Space does not permit covering Americans' fixation on sports and entertainment, their obsession with materialism, or their passion for excess in food, drink, and sex. This is the age-old, tried-and-true, "bread and circuses" method of controlling the rabble. Those in power have learned to keep the people ignorant, fat, and happy, and as such, they will not—cannot—give the authorities any trouble.
And it is working. The American people have essentially rolled over just about every time a once-taboo subject has pricked the collective conscience—whether it is premarital promiscuity, adultery, abortion, homosexuality, pornography, no-fault divorce, public prayer, public display of God's Word, capital punishment, government debt and deficits, personal and public honesty and accountability, etc.
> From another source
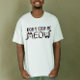 This modern t-shirt has a minimalistic design with a funny black text on white background | Don't Stop Me Meow | in Freddie Mercury's memory.

A few courageous citizens fight an uphill battle virtually alone in some of these areas, but most stay home, ensconced on their couches, staring wide-eyed and slack-jawed at the boob tube, mere spectators of life in these United States.
God says of Israel:
Jeshurun grew fat and kicked; . . . then he forsook God who made him, and scornfully esteemed the Rock of his salvation. . . . And when the Lord saw it, He spurned them, because of the provocation of His sons and His daughters. And He said, "I will hide My face from them, I will see what their end will be, for they are a perverse generation, children in whom is no faith. . . . I will heap disasters upon them; I will spend My arrows on them. . . . The sword shall destroy outside; there shall be terror within. . . .
"For they are a nation void of counsel, nor is there any understanding in them. Oh, that they were wise, that they understood this, that they would consider their latter end!" (Deuteronomy 32:15, 19-20, 23, 25, 28-29)
It does not take great intellect to understand what this portends for America in the near future—or have we already grown too mindless and complacent to care?